START Data

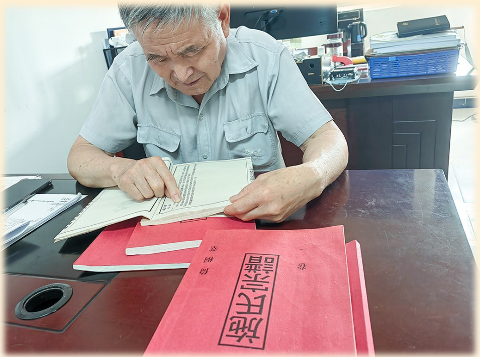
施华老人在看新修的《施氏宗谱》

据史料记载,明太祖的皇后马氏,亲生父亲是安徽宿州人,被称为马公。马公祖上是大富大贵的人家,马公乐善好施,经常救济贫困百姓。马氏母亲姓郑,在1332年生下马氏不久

END Data
START Data

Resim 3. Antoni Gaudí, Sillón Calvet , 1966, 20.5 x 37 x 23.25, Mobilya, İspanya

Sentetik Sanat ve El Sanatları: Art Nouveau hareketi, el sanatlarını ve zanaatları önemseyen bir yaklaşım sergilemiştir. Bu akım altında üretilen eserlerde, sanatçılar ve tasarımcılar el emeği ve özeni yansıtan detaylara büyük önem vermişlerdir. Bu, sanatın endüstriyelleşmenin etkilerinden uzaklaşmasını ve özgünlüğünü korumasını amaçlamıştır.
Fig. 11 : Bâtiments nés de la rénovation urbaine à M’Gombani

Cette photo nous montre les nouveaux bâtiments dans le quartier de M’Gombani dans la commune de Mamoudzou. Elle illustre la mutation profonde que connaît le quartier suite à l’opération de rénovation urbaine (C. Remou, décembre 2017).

END Data
START Data

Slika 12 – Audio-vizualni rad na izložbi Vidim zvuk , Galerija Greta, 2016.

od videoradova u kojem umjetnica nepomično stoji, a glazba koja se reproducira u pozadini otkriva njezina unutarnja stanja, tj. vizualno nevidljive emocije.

END Data

#### [Aim of the exercise]
When you reach the line holding "Fig. 11 : Bâtiments" in the records above, begin reproducing exactly, stop after the line holding "Cette photo nous", and output nothing else.

#### [Result]
Fig. 11 : Bâtiments nés de la rénovation urbaine à M’Gombani

Cette photo nous montre les nouveaux bâtiments dans le quartier de M’Gombani dans la commune de Mamoudzou. Elle illustre la mutation profonde que connaît le quartier suite à l’opération de rénovation urbaine (C. Remou, décembre 2017).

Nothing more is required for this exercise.